After the oil spill, the City of Orange Beach, AL collected water samples and contracted commercial laboratory analysis “for chemical constituents associated with the Deepwater Horizon event.” Their results showed the presence of dispersant-related chemicals.
Auburn University scientists examined the data to determine the chemicals’ origin and concluded that “they are likely related to point and non-point source stormwater discharge.” The researchers published their findings in the October 2012 issue of the Marine Pollution Bulletin: Provenance of Corexit-related chemical constituents found in nearshore and inland Gulf Coast waters.

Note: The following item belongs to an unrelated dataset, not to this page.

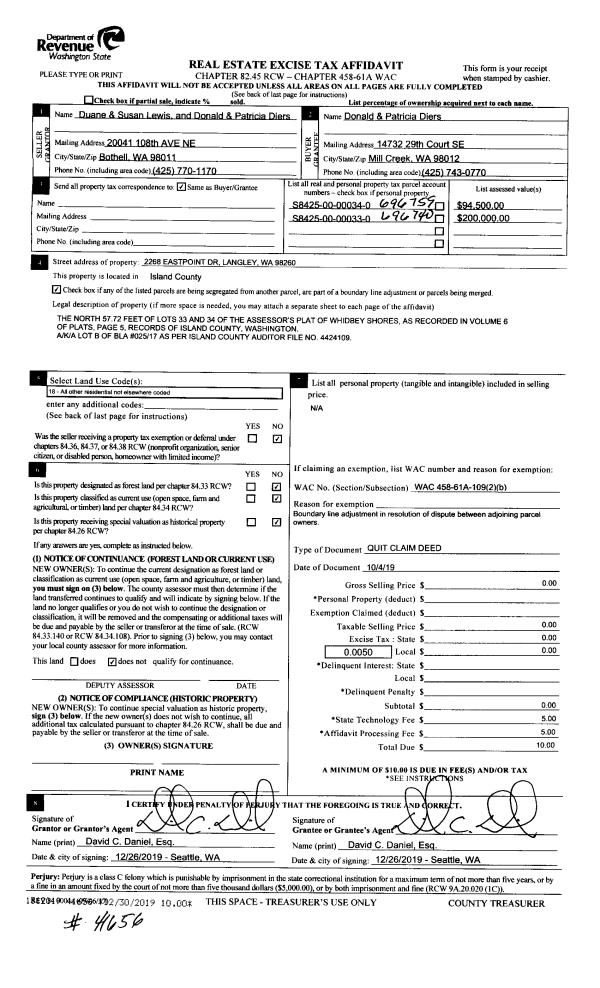 | 1 | 10/04/2019 | QCD | Quit Claim Deed | DIERS, DONALD G | DIERS, DONALD | | | $0.00 | 41656 | 4478419 |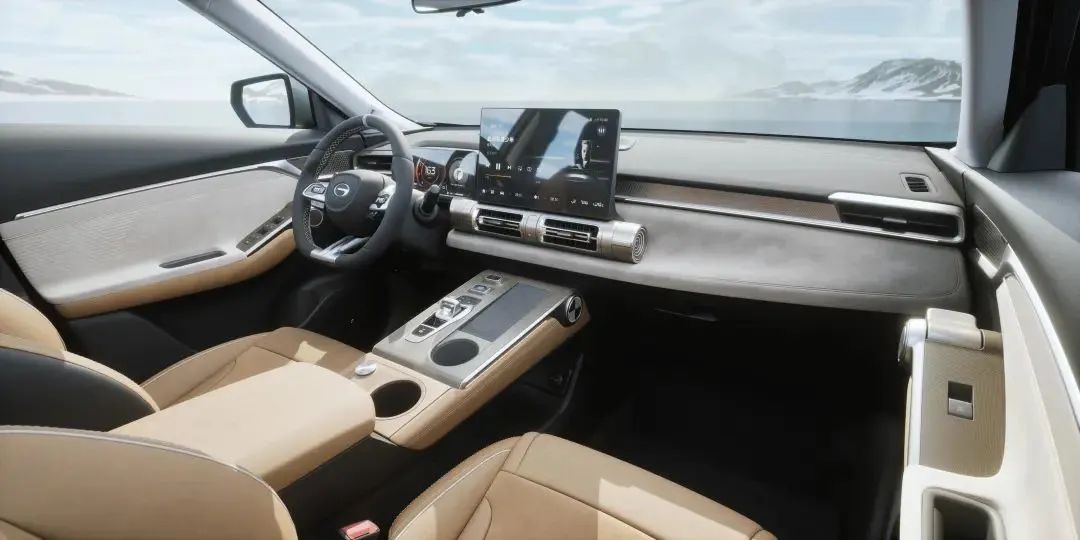 传祺影酷的内饰则是融入了许多圆形元素,例如仪表台区域采用了卷轴造型,而中控屏幕、出风口等则像卷轴打开后的样子。用料上还使用了大面积磨砂皮革,并提供专属香氛系统。中控屏幕内置ADiGO 5.0智驾互联生态系统,配有高通骁龙8155芯片,在系统运行流畅度与功能拓展性上也将拥有更好表现。

Local municipalities in Alabama concerned about environmental impacts from the oil spill “conceived and executed at the community level” their own monitoring and sampling efforts. Between September 2010 and January 2011, they collected 56 water samples from 13 locations in Perdido Bay and along the shoreline in and around the City of Orange Beach. Two accredited laboratories in Minnesota and Washington found “positive detections of propylene glycol, 2-butoxyethanol, and DOSS,” chemicals found in Corexit dispersants. These results started a debate about the original source – which has potential legal implications – of these chemicals, primarily because: (1) this community was impacted by the oil spill, (2) these chemicals are commonly found in many commercial and common household products, and (3) Orange Beach lies within the Perdido Bay Watershed, which receives runoff from urban development, agriculture, industry, waste sites, and military facilities.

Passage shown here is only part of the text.